Only two organizations that did have priority last semester failed to regain it for this semester.
Another two, honors students and athletes, did not quite fit into the new policy. Anderson said it was important to note that no organization gets priority over the next, they all register at the same time.
“Honors students’ priority registration (benefits) were honored by a previous commitment and the current honors students were grandfathered in,” said Anderson.
She added that if the honors students want priority registration for the fall they will need to re-apply along with all the other organizations.
The scholar-athletes were the only organization allowed priority registration through petition, which brought a sigh of relief from many athletes around campus.
“Priority in registration has been extremely important for me,” said Brittany Hinger, a softball player and a senior mass communications major. “We (scholar-athletes) don’t want to be here for eight years and we have a schedule to play for the school and we have to have a schedule to go to school.”

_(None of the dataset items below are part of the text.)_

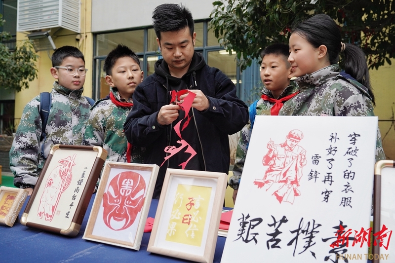 3月5日,长沙市非物质文化遗产保护中心在国防科技大学附属小学开展“践行雷锋精神 点亮传承之光”2026年春季开学第一课活动,通过“听雷锋故事”“奏雷锋歌曲”“观《雷锋日记》皮影戏”等形式,引导学生感悟雷锋精神的时代内涵,同时体验非遗技艺,感受传统文化魅力。湖南日报全媒体记者 徐行 通讯员 曾仪 摄影报道
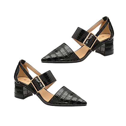 - Shoes feature low block heels
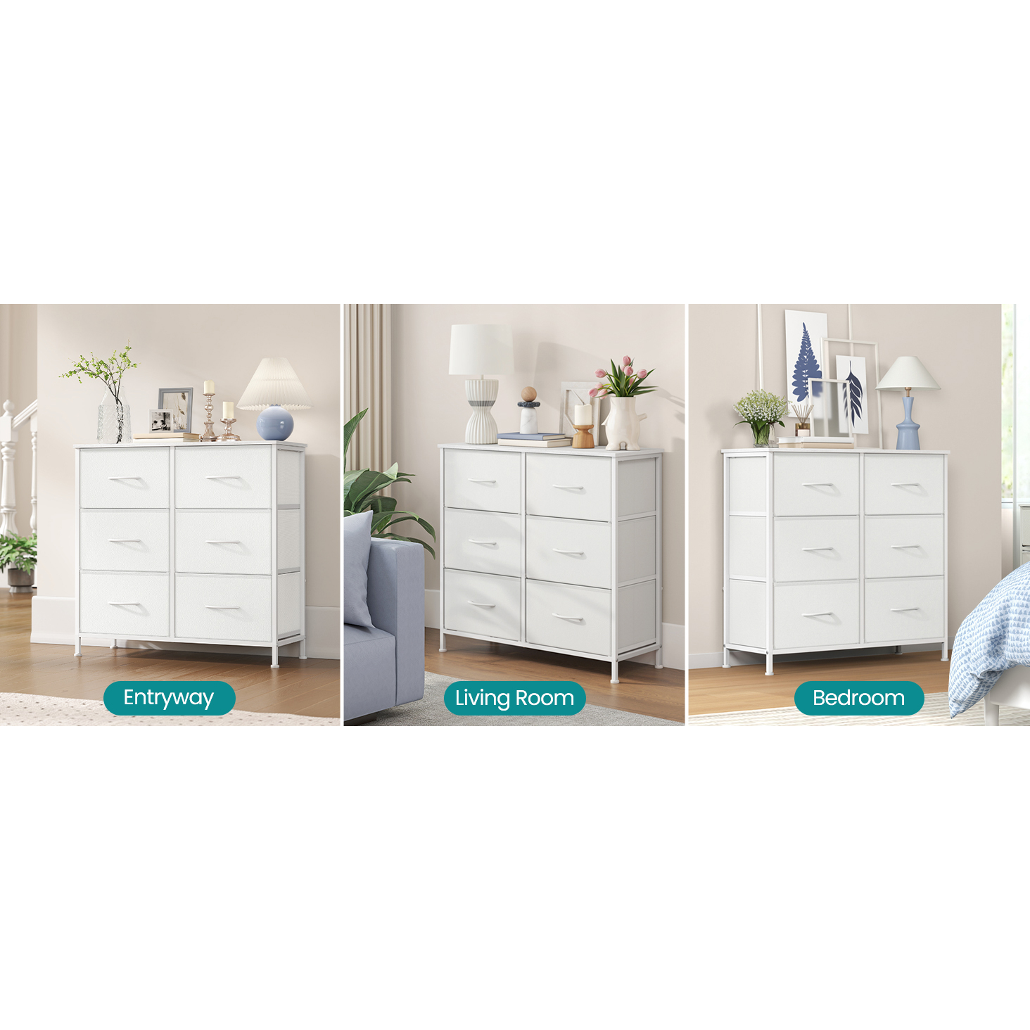 Organizează mai simplu hainele, accesoriile sau obiectele de zi cu zi cu această comodă cu 6 sertare de la SONGMICS. Designul modern, în nuanță albă, se potrivește ușor în dormitor, hol, living sau camera copilului, iar combinația dintre cadru metalic, blat din MDF și sertare textile oferă un echilibru excelent între rezistență, greutate redusă și aspect aerisit.
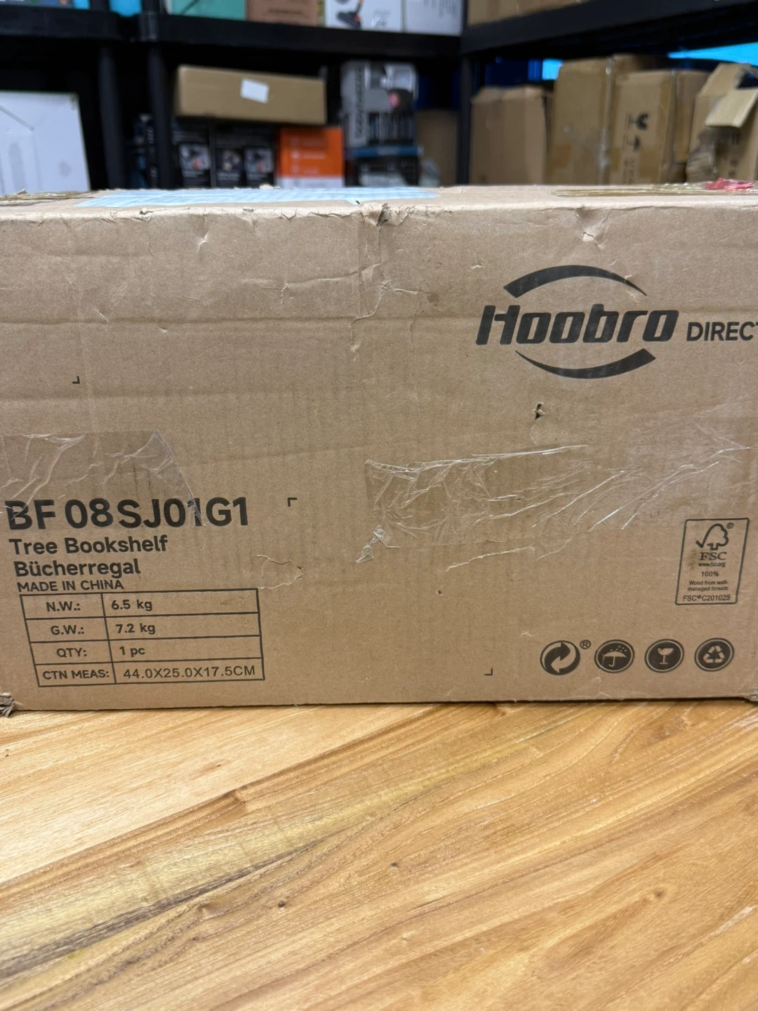 This HOOBRO tree bookshelf features a unique design with 9 tiers for displaying books or CDs. Made from wood and metal, it's a stylish storage rack. It's great for use in living rooms or bedrooms. The dimensions are 44.0" x 25.0" x 17.5".
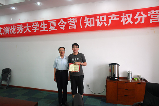 2013年7月15日上午,首届文澜优秀大学生夏令营(知识产权分营)闭营仪式在中南财经政法大学南湖校区文泓楼四楼会议室举行。国家知识产权局原局长、国家知识产权局顾问、中国专利协会会长、中南财经政法大学知识产权学院院长王景川教授,国家知识产权局刘超处长,中国知识产权协同创新中心副主任、中南财经政法大学知识产权研究中心副主任、夏令营知识产权分营负责人赵家仪教授,夏令营知识产权分营班主任何华副教授出席了结业典礼。结业典礼由中南财经政法大学知识产权学院院长助理黄玉烨教授主持。夏令营全体二十八位营员参加闭营仪式。
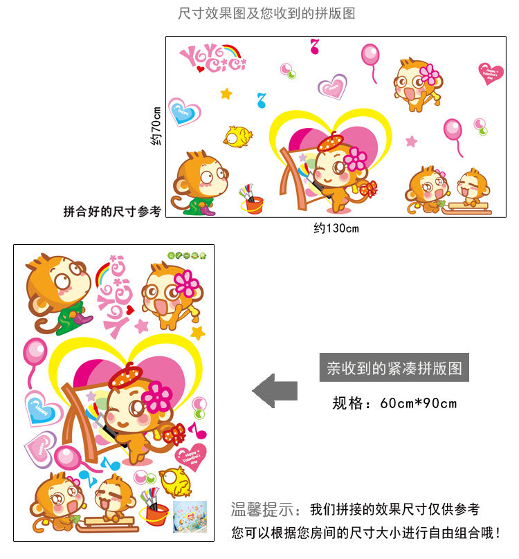 可移除墙贴纸墙纸贴画悠嘻猴 儿童房幼儿园装饰卡通温馨卧室

Luckily for other student athletes like Brittany, they need not worry. Upon reviewing other schools around Georgia’s priority registration policies, athletes were consistently on or near the top of the lists.
“We have practice nearly all fall and spring, so getting classes at convenient times is really important,” Hinger added.
The number one object that the policy is trying to change is the fairness of the registration system. The new changes aren’t very drastic, as just over 400 students will be granted priority under the new policy, many of whom already had it anyway.
But the policy makes sure that all organizations get a fair and equal chance to have their opinion heard on whether or not they deserve priority.